= Work instructions =
Would you print the lines below exactly, beginning at the line that has "暗影精灵11右侧的ssd安装位置预装了一条来自铠侠的pcie 4.0 ssd,容量为1tb,并配备了纯铜散热片。" and stopping after the line that has "Flotte små silkematte"? Only those lines, and no pictures.

= Records for this exercise =
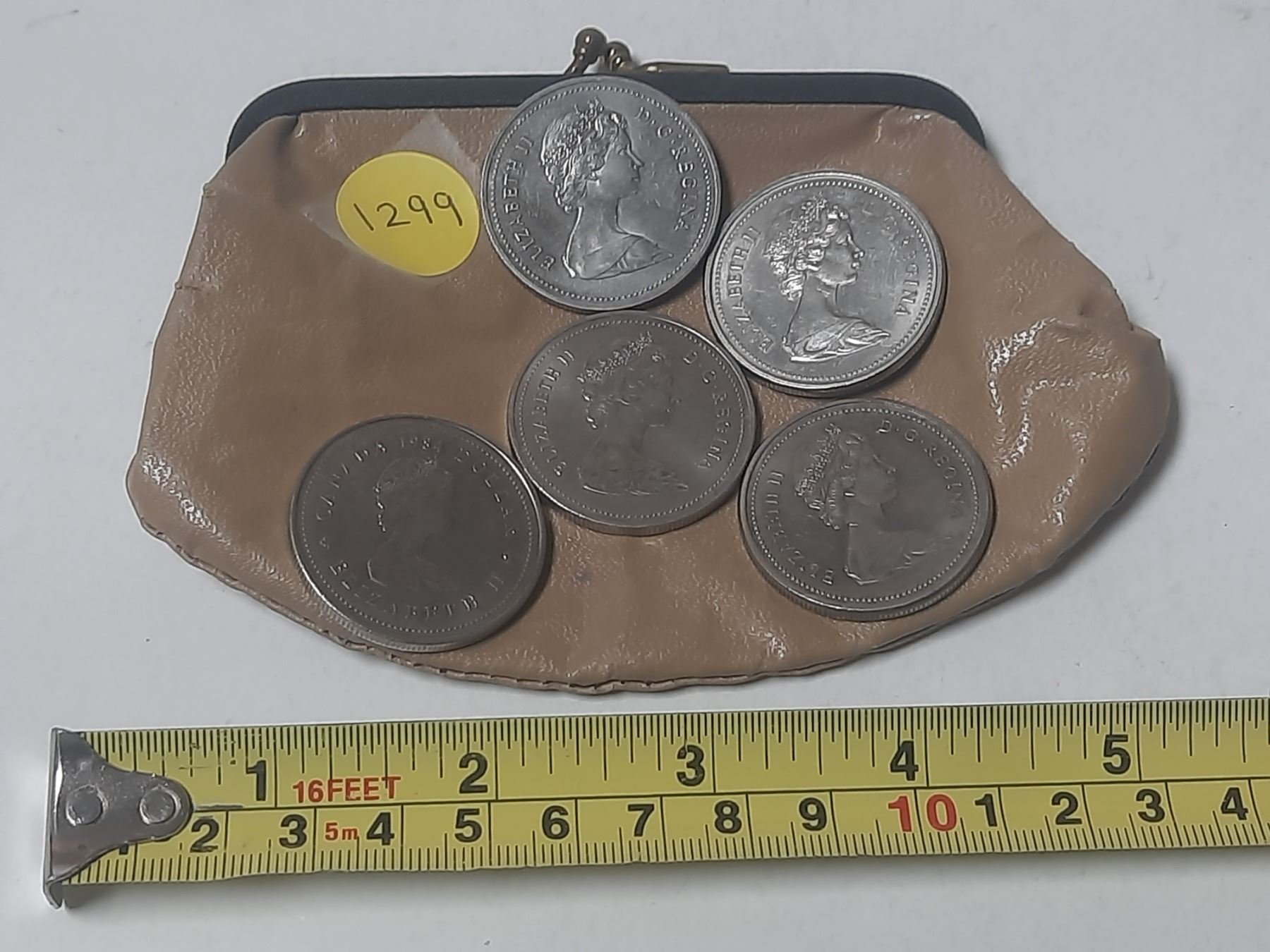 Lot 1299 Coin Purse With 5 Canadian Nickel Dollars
--
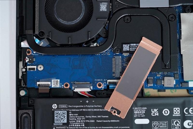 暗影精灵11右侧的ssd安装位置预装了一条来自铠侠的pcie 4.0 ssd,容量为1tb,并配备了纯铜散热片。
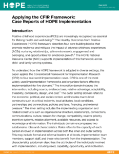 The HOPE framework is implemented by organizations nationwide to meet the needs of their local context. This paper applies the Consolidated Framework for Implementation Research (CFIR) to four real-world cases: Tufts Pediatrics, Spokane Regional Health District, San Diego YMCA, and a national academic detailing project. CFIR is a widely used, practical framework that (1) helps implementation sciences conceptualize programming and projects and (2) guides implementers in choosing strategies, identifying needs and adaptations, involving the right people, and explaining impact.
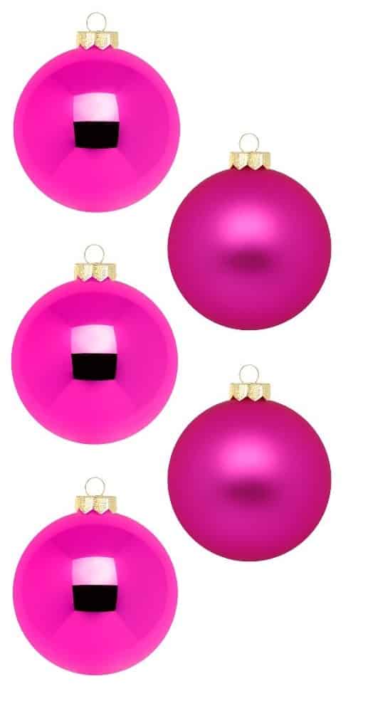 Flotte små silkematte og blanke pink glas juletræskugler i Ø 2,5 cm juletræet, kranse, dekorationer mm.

= Result for this exercise =
 暗影精灵11右侧的ssd安装位置预装了一条来自铠侠的pcie 4.0 ssd,容量为1tb,并配备了纯铜散热片。
 The HOPE framework is implemented by organizations nationwide to meet the needs of their local context. This paper applies the Consolidated Framework for Implementation Research (CFIR) to four real-world cases: Tufts Pediatrics, Spokane Regional Health District, San Diego YMCA, and a national academic detailing project. CFIR is a widely used, practical framework that (1) helps implementation sciences conceptualize programming and projects and (2) guides implementers in choosing strategies, identifying needs and adaptations, involving the right people, and explaining impact.
 Flotte små silkematte og blanke pink glas juletræskugler i Ø 2,5 cm juletræet, kranse, dekorationer mm.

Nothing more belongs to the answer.